ScaleBiO: Scalable Bilevel Optimization for LLM Data Reweighting
Rui Pan, Dylan Zhang, Hanning Zhang, Xingyuan Pan, Minrui Xu, Jipeng Zhang, Renjie Pi, Xiaoyu Wang, Tong Zhang
TL;DR
ScaleBiO addresses the challenge of learning optimal data-source weights for large-scale LLM training by formulating the problem as bilevel optimization and introducing a scalable, fully first-order minimax approach. The method leverages a memory-efficient, randomized block-coordinate scheme (inspired by LISA) to enable training on models up to ~30B parameters, with a minimax reformulation that yields first-order hypergradients and theoretical convergence guarantees. Empirically, ScaleBiO outperforms strong baselines in instruction following and mathematical reasoning across multiple models and data sources, including a real-world MT-Bench evaluation on about 4.2 million samples from 18 sources. The work demonstrates both practical scalability and theoretical optimality of learned data weights, offering a principled pipeline for data filtering and selection in large-scale LLM fine-tuning, while acknowledging limitations related to pre-training-scale validation and potential multi-objective extensions.
Abstract
Bilevel optimization has shown its utility across various machine learning settings, yet most algorithms in practice require second-order information, making it challenging to scale them up. Only recently, a paradigm of first-order algorithms has emerged in the theoretical literature, capable of effectively addressing bilevel optimization problems. Nevertheless, the practical efficiency of this paradigm remains unverified, particularly in the context of large language models (LLMs).
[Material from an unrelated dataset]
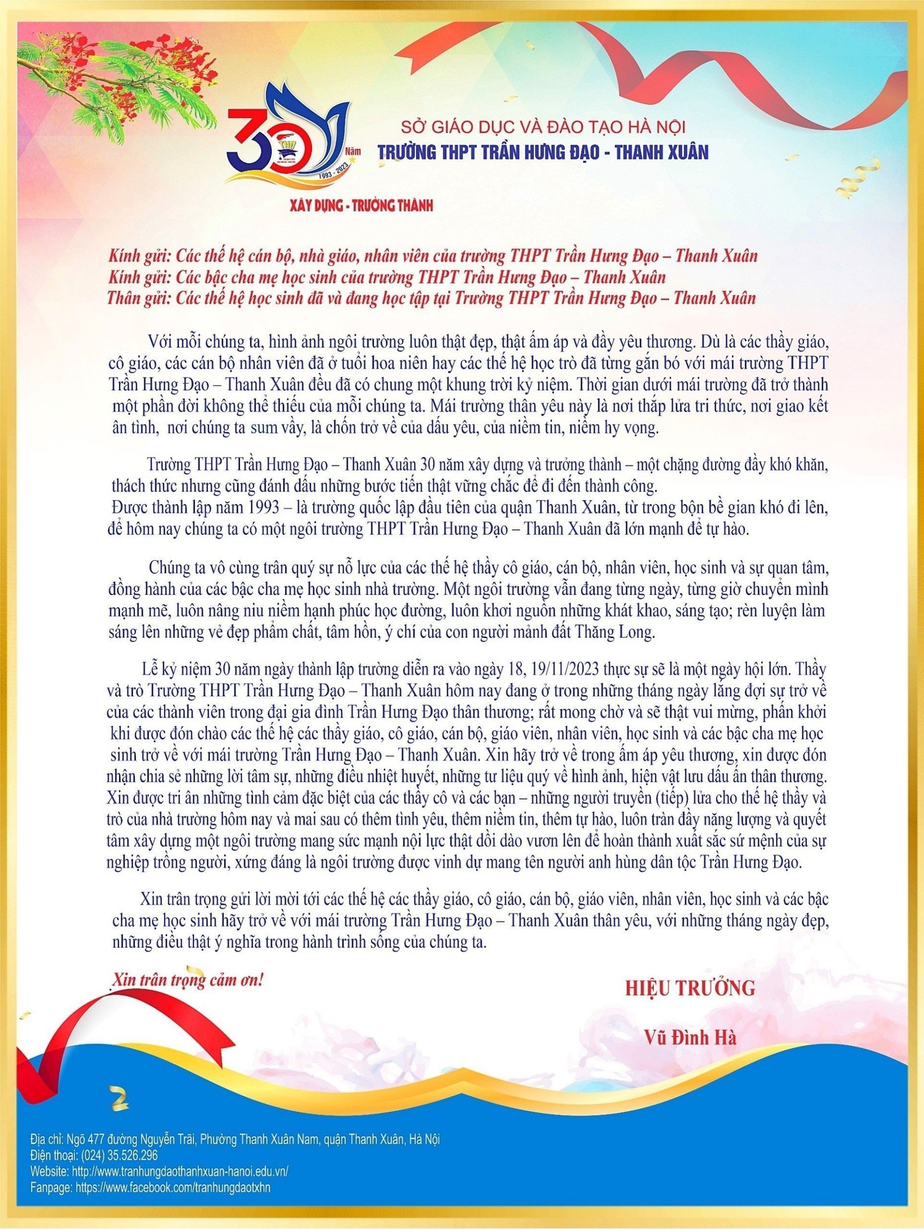 GIẤY MỜI DỰ LỄ KỶ NIỆM 30 NĂM THÀNH LẬP TRƯỜNG THPT TRẦN HƯNG ĐẠO - THANH XUÂN (1993 - 2023)

This paper introduces the first scalable instantiation of this paradigm called ScaleBiO, focusing on bilevel optimization for large-scale LLM data reweighting. By combining with a recently proposed memory-efficient training technique called LISA, our novel algorithm allows the paradigm to scale to $\sim$30B-sized LLMs on $8\times$H100 GPUs, marking the first successful application of bilevel optimization under practical scenarios for large-sized LLMs. Empirically, extensive experiments on data reweighting verify the effectiveness of ScaleBiO for different-scaled models, including Llama-3-8B, Gemma-2-9B, Qwen-2-7B, and Qwen-2.5-32B, where bilevel optimization succeeds in instruction-following and math reasoning tasks, outperforming several popular baselines, including uniform sampling, influence-aware data filtering, and reference-model-based sampling methods. Theoretically, ScaleBiO ensures the optimality of the learned data weights, along with a convergence guarantee matching the conventional first-order bilevel optimization paradigm on smooth and strongly convex objectives.